**What you should do:**
Don't include pictures. Quote the lines below from the first through the line that contains "mit Badewanne, Dusche, Fön".

----- Working data

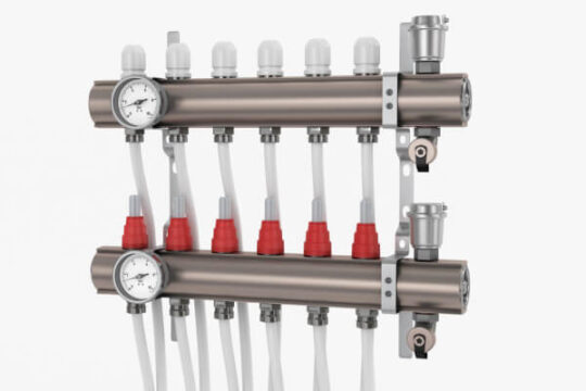 Це єдина труба, до якої підключається багато відводів. Таке підключення дає рівномірний розподіл тиску. Тобто напір однаково потужний як на кухні, так і душі! Також великою перевагою є можливість додавання споживачів, які розміщені на віддаленій відстані від стояка. На кожному відводі є вентиль для перекриття у разі аварійної ситуації. Все інше буде продовжувати працювати!
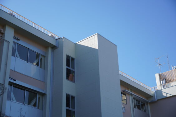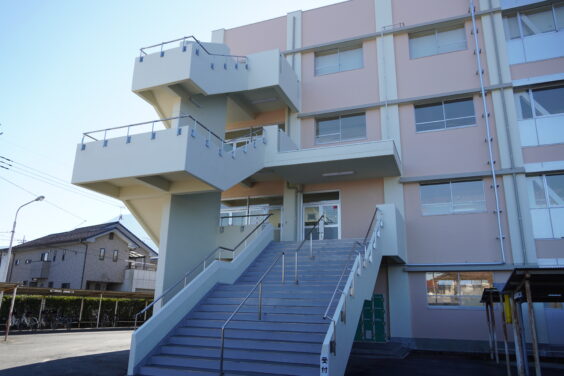 生徒の皆さんが毎日使う昇降口です。きれいに外壁が塗りなおされて、ピカピカです。
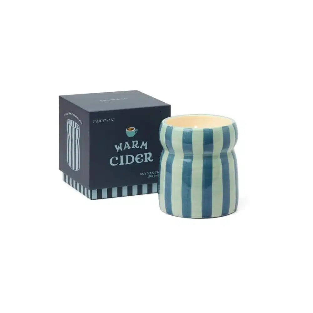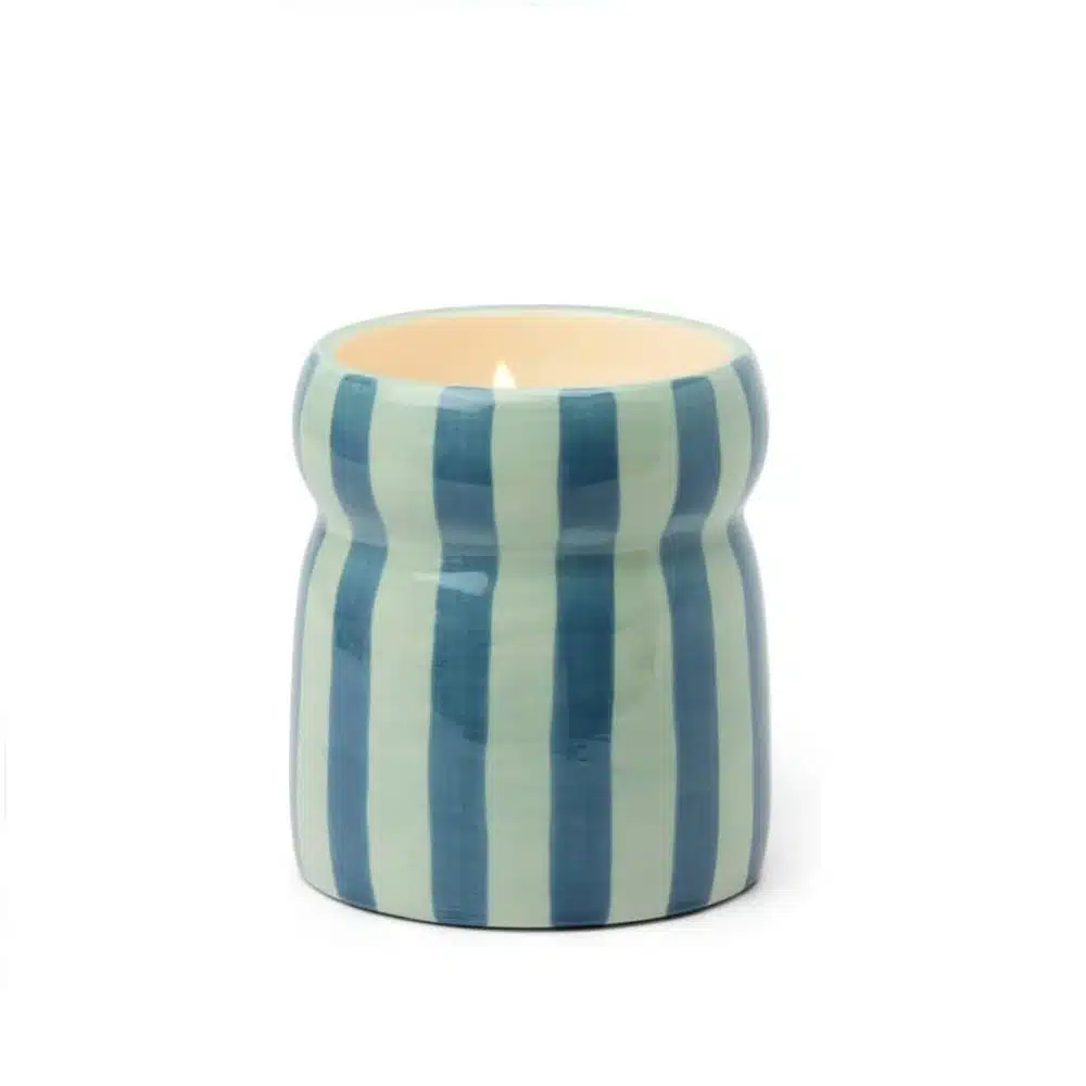 Een leuke en lekkere geurkaars in een keramieken pot met handbeschilderde details – geïnspireerd op gestreepte parasols aan de mooiste stranden van de wereld.
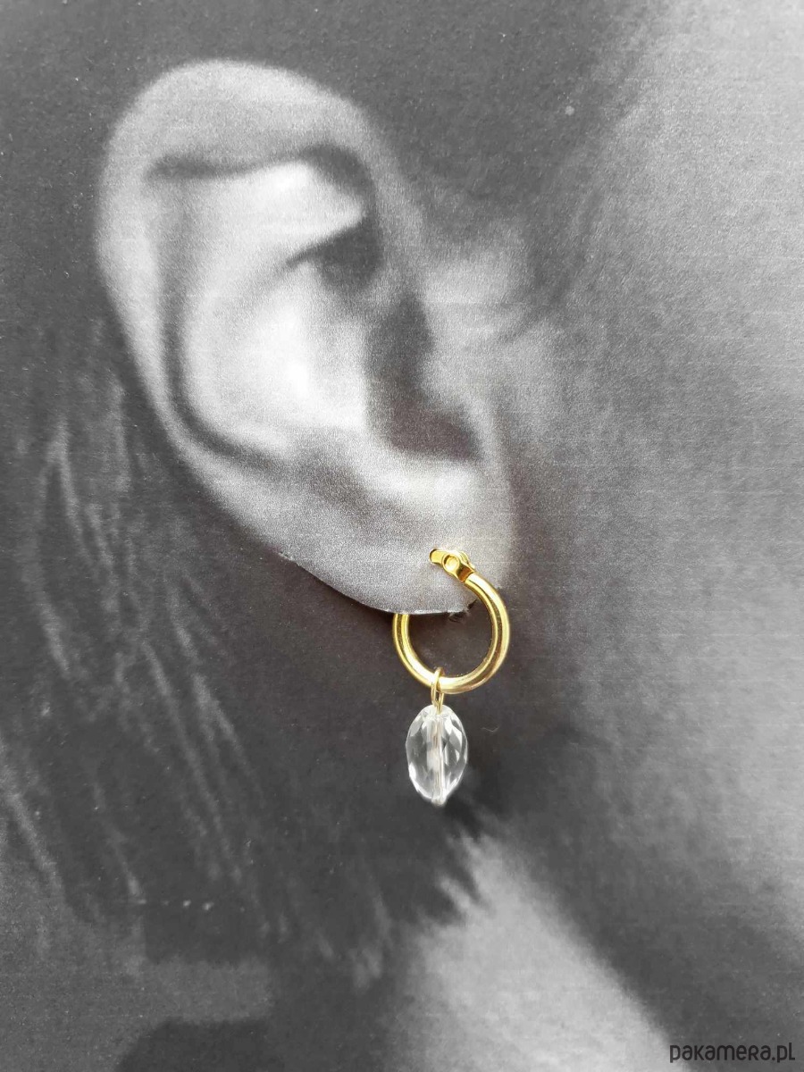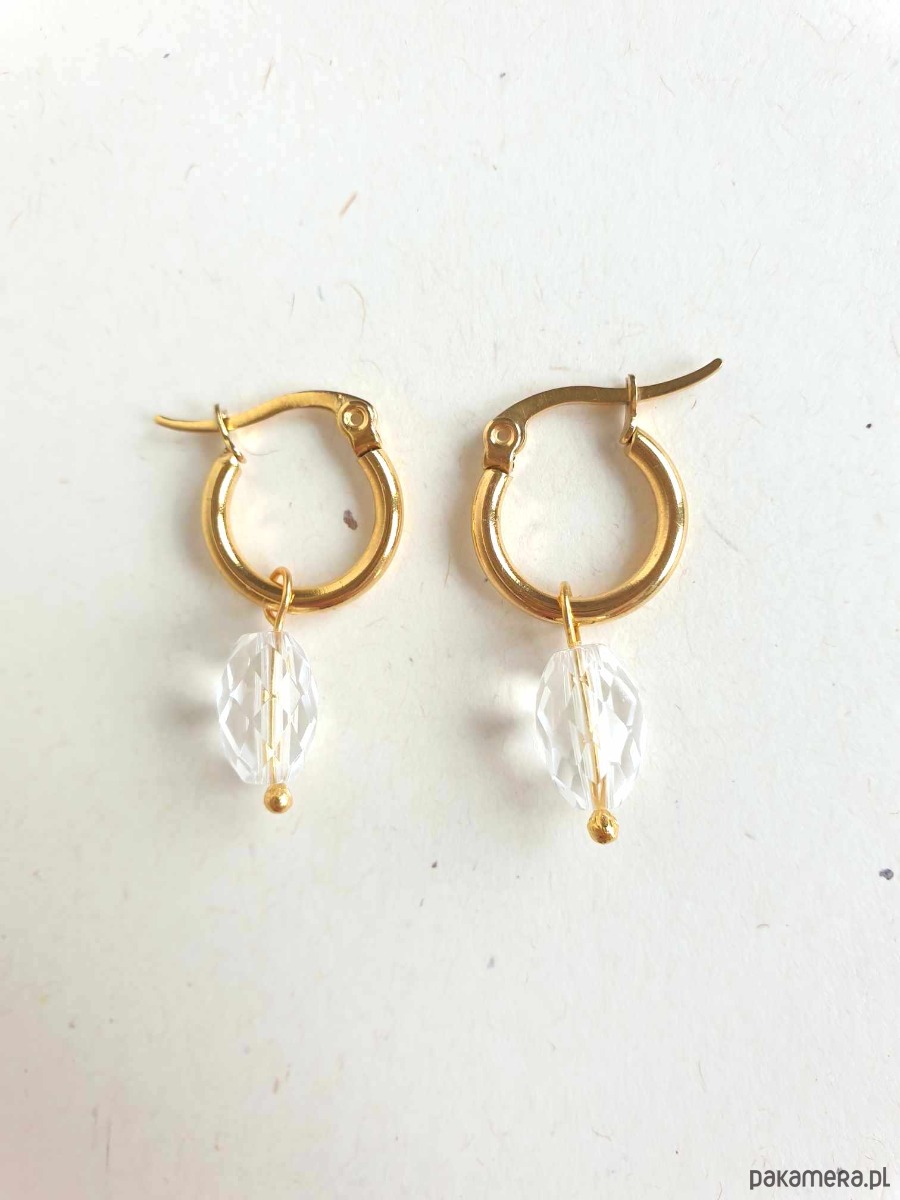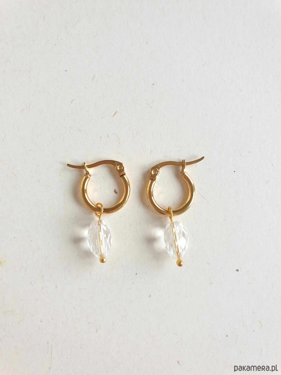 Kolczyki z kolekcji LA MER, idealne na wieczorne wyjście ale też na co dzień. Wykonane ze stali szlachetnej (hipoalergicznej) złoconej z kamieniami naturalnymi: tutaj kryształ górski fasetowany. Można je nosić same kółka bo kamyczki są zdejmowane:
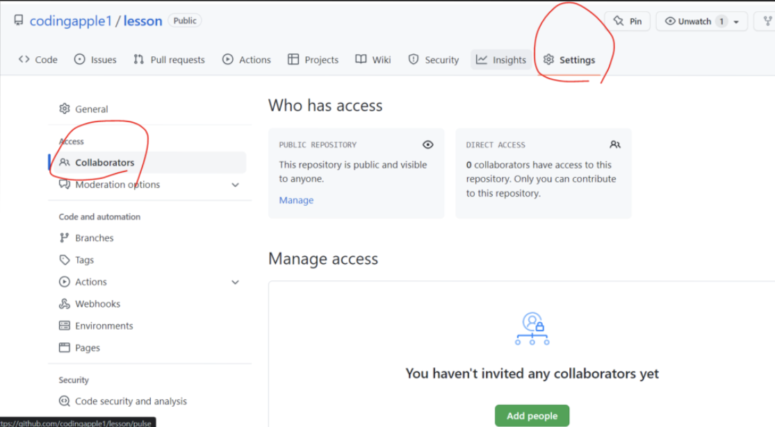 - 단, 새로온 팀원도 github 아이디가 있어야하고 해당 팀원의 아이디를 Collaborators 메뉴에 등록해놔야 협업 가능하다.
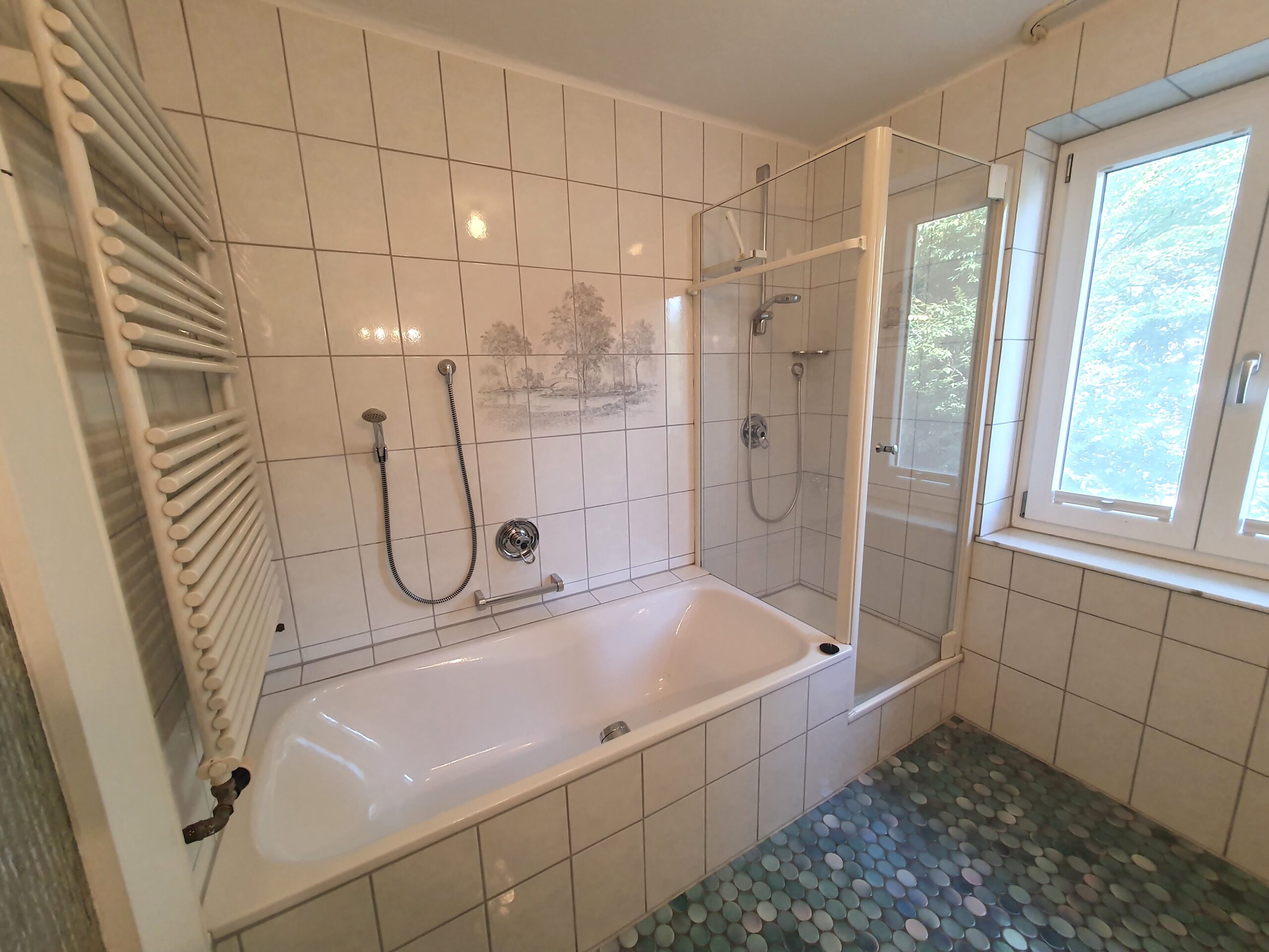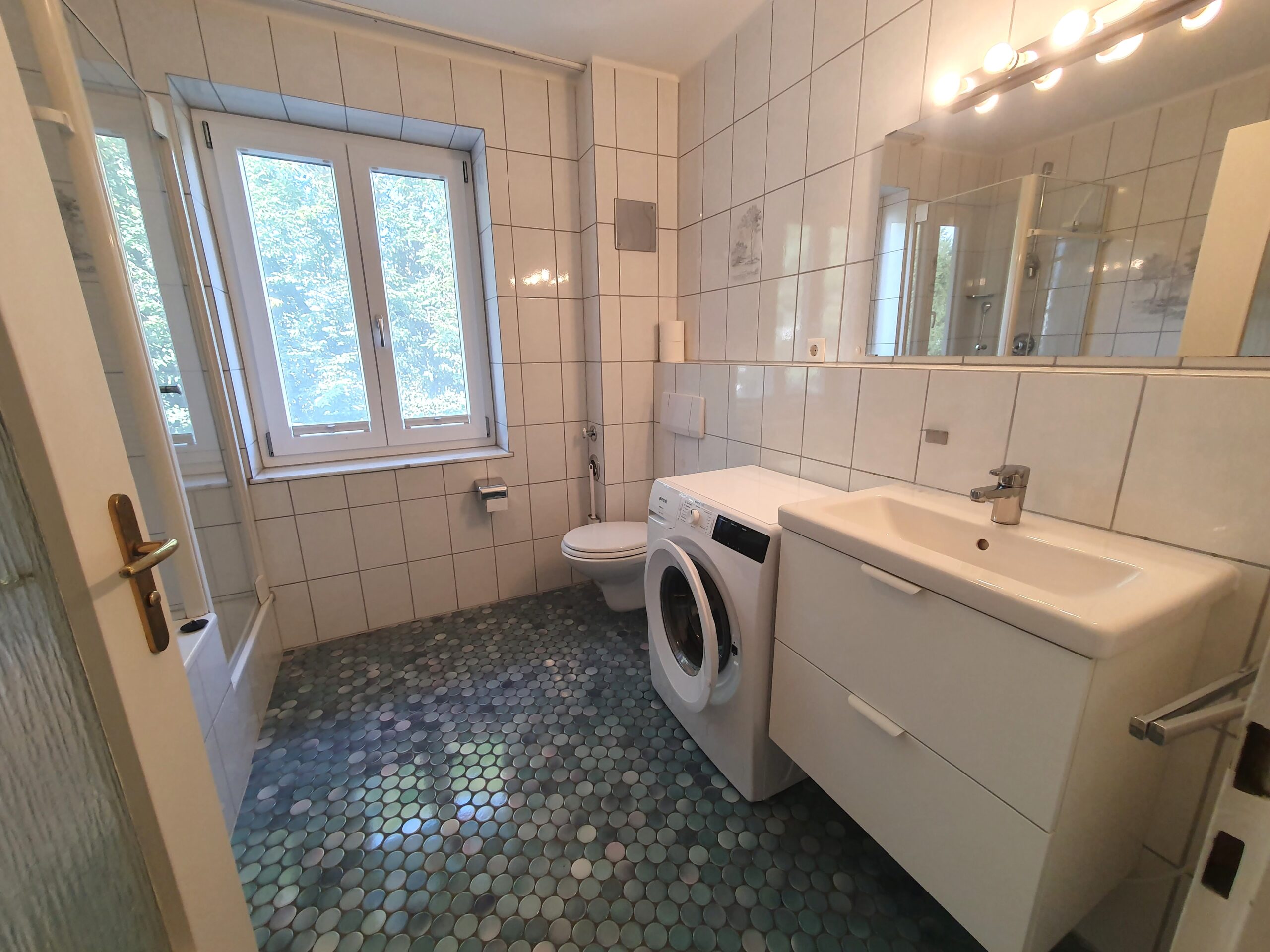 mit Badewanne, Dusche, Fön und Waschmaschine - Wohn-Küche
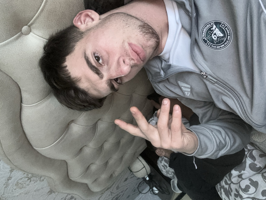 An indoor scene, likely a bedroom, features a male subject capturing a selfie with a second individual present in the background. The precise location within the city of Bulishi, Georgia, is not ascertainable from the provided image. The primary subject is a male with dark hair styled with short, straight bangs, light stubble on his chin, and a clear complexion. He is oriented towards the camera, with his lips slightly pursed. He wears a grey full-zip jacket by Adidas, identifiable by the three stripes on the shoulder and an Adidas logo on the chest. Underneath, a white t-shirt collar is visible. On the left chest of the jacket, a circular patch displays "STRASBOURG FC," the number "67," and the French text "PLUS QU'UNE VILLE, UNE FIERTE" encircling a graphic of a figure. His left hand is raised, forming a gesture with the index and middle fingers extended in a 'V' shape, while the ring and pinky fingers are curled. In the left background, partially obscured, a second individual lies down, appearing to be asleep or resting. This person is covered by patterned bedding and is wearing a dark top, possibly a hoodie. Behind this individual, a light-colored, possibly woven object resembling a hat or basket, and dark cables are visible on a surface. The general background includes a cream-colored, tufted headboard or upholstered backrest and bedding with a grey floral or leaf pattern on a light background.
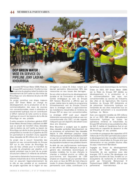 pour OCP Green Water, en charge du projet, réalisé dans le cadre du programme l’ambition du Groupe OCP d’atteindre et
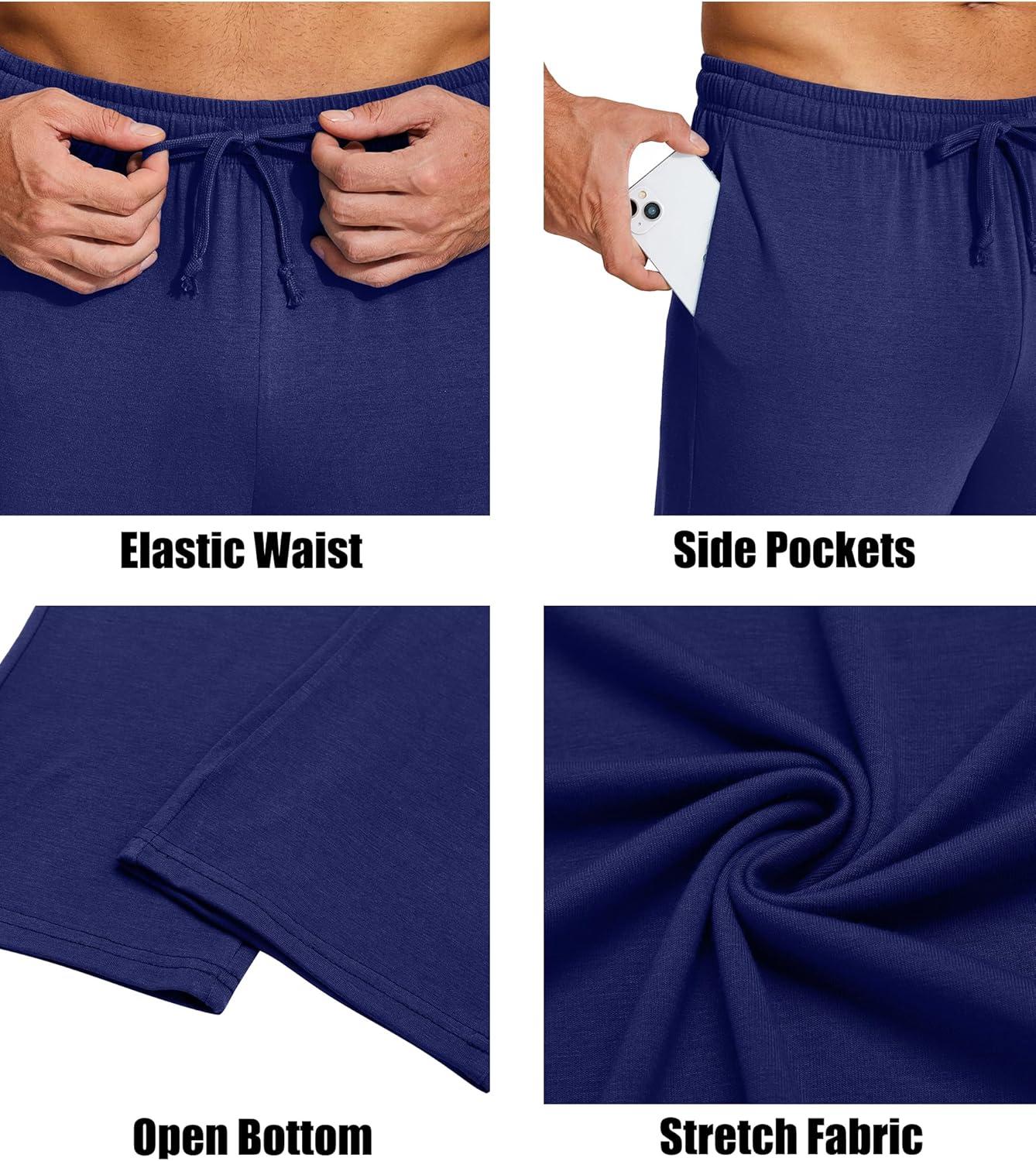COOFANDY Men’s Yoga Sweatpants Lightweight Open Bottom Lounge Pants Casual Drawstring Sweat Pants with Pockets(Blue)
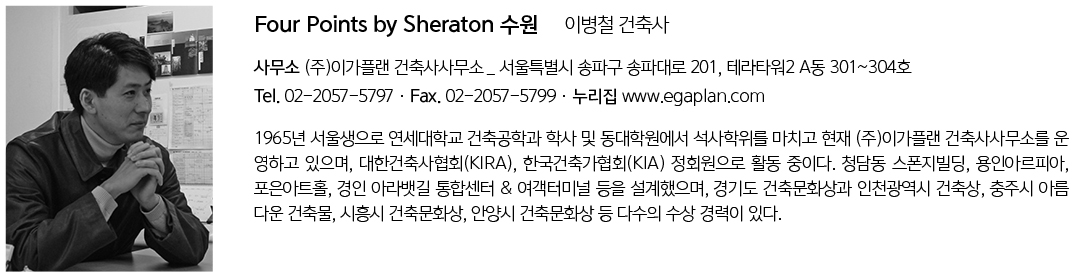 | Four Points by Sheraton 수원 설계자 | 이병철 _ (주)이가플랜 건축사사무소 건축주 | (유)성문더플레이스 감리자 | (주)전인씨엠건축사사무소 시공사 | 삼부토건(주) 설계팀 | 황병구, 양영옥, 임수지, 이은승, 이진영, 정재이, 오윤식 대지위치 | 경기도 수원시 팔달구 효원로307번길 27 주요용도 | 숙박시설(관광호텔) / 제2종근린생활시설 대지면적 | 1,326.80㎡ 건축면적 | 796.05㎡ 연면적 | 15,747.09㎡ 건폐율 | 59.99% 용적률 | 793.52% 규모 | B5F - 18F 구조 | 철근콘크리트구조 외부마감재 | 사비석 브러쉬마감, 신마천석 혼드마감, 로이복층유리, 저철분유리 내부마감재 | 대리석 물갈기마감, 브러쉬마감, 컬러스테인리스 강판, 친환경 수성페인트, 무늬목 설계기간 | 2016. 12 - 2020. 12 공사기간 | 2019. 01 - 2022. 02 사진 | 전택수 구조분야 | (주)승구조기술사사무소 기계설비분야 | (주)청우이엔지 전기분야 | (주)유원이앤씨 소방분야 | 기계소방 _ (주)청우이엔지 / 전기소방 _ (주)유원이앤씨 토목분야 | (주)아남이엔지 조경분야 | (주)솔토조경 |

----------

**Answer section:**
 Це єдина труба, до якої підключається багато відводів. Таке підключення дає рівномірний розподіл тиску. Тобто напір однаково потужний як на кухні, так і душі! Також великою перевагою є можливість додавання споживачів, які розміщені на віддаленій відстані від стояка. На кожному відводі є вентиль для перекриття у разі аварійної ситуації. Все інше буде продовжувати працювати!
 生徒の皆さんが毎日使う昇降口です。きれいに外壁が塗りなおされて、ピカピカです。
 Een leuke en lekkere geurkaars in een keramieken pot met handbeschilderde details – geïnspireerd op gestreepte parasols aan de mooiste stranden van de wereld.
 Kolczyki z kolekcji LA MER, idealne na wieczorne wyjście ale też na co dzień. Wykonane ze stali szlachetnej (hipoalergicznej) złoconej z kamieniami naturalnymi: tutaj kryształ górski fasetowany. Można je nosić same kółka bo kamyczki są zdejmowane:
 - 단, 새로온 팀원도 github 아이디가 있어야하고 해당 팀원의 아이디를 Collaborators 메뉴에 등록해놔야 협업 가능하다.
 mit Badewanne, Dusche, Fön und Waschmaschine - Wohn-Küche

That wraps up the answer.